Part 2: Setup & Authentication

Walk me through the complete setup:

  1. Install dependencies:

    npm install xactions xspace-agent
  2. Get X session cookies:

    • Open x.com in your browser and log in
    • Open DevTools (F12 or Cmd+Option+I)
    • Go to Application > Cookies > https://x.com
    • Copy the auth_token and ct0 values
  3. Set environment variables:

    # Required: X authentication
    export X_AUTH_TOKEN="your_auth_token_value"
    export X_CT0="your_ct0_value"
    
    # Required: At least one AI provider
    export OPENAI_API_KEY="sk-..."           # For OpenAI (LLM + STT + TTS)
    export ANTHROPIC_API_KEY="sk-ant-..."    # For Claude (LLM only)
    export GROQ_API_KEY="gsk_..."            # For Groq (LLM + fast STT)
    
    # Optional: Premium voice
    export ELEVENLABS_API_KEY="..."          # High-quality TTS voices
    export DEEPGRAM_API_KEY="..."            # Alternative STT
  4. Verify the setup:

    • Confirm xspace-agent is installed: npm list xspace-agent
    • Confirm cookies are valid (they expire — refresh if needed)
    • Test your AI API key with a simple request

Part 3: Joining a Space via MCP

If XActions is configured as an MCP server (Claude Desktop, Cursor, etc.):

  1. Find a Space to join:

    "Find live X Spaces about AI"
    

    This calls x_get_spaces with filter: 'live' and topic: 'AI'.

  2. Join a Space:

    "Join this Space as an AI agent: https://x.com/i/spaces/1abc123"
    

    This calls x_space_join.

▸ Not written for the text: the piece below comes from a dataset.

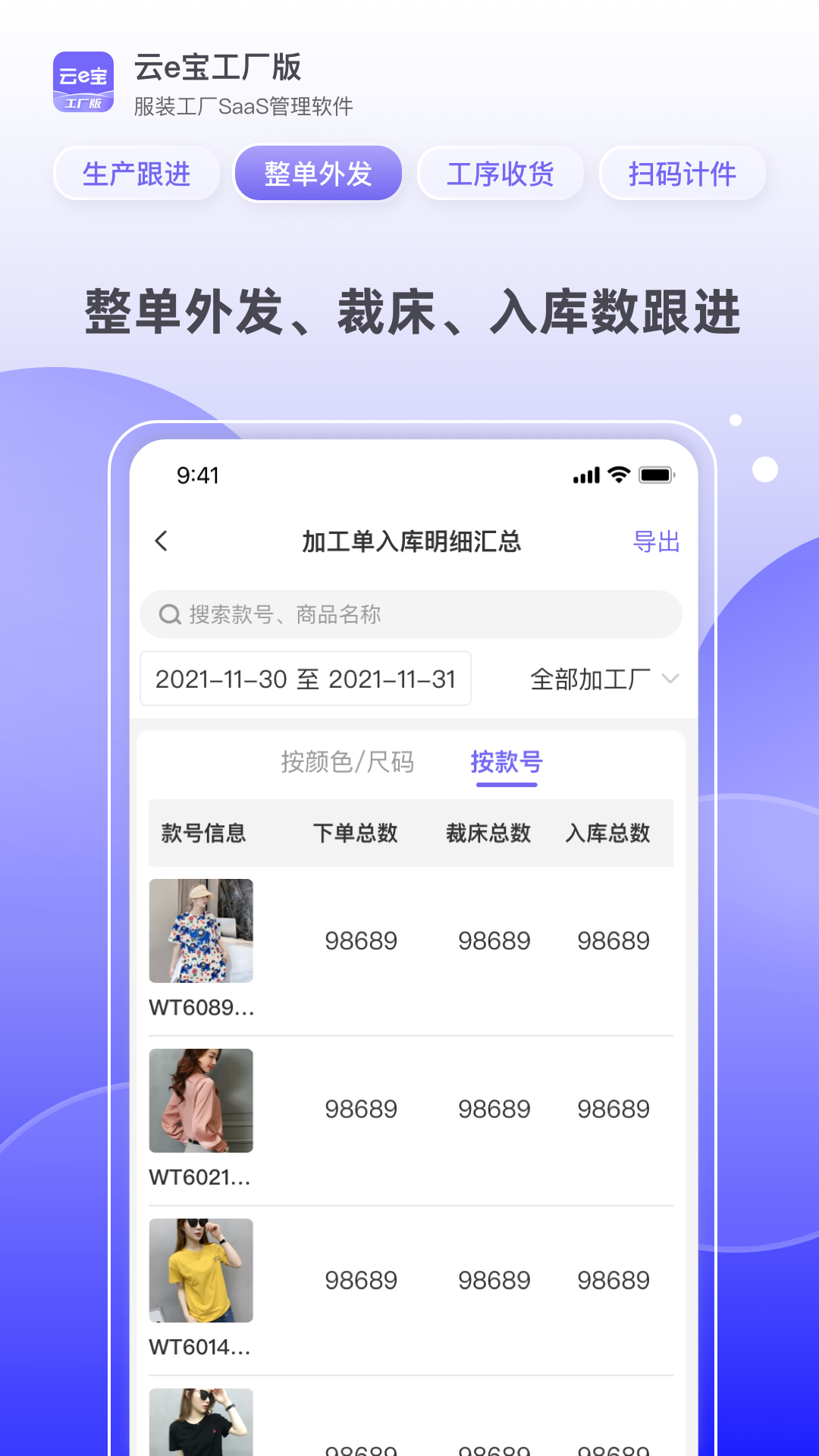 云e宝服装工厂进销存管理软

The agent launches a headless browser, logs in, joins the Space, and starts listening.

  3. Check agent status:

    "What's the status of my Space agent?"
    

    Returns duration, transcription count, response count, and recent events.

  4. Read the transcript:

    "Show me the last 20 transcriptions from the Space"
    
  5. Leave the Space:

    "Leave the Space and show me the session summary"
    

    Returns total duration, number of transcriptions, and number of responses.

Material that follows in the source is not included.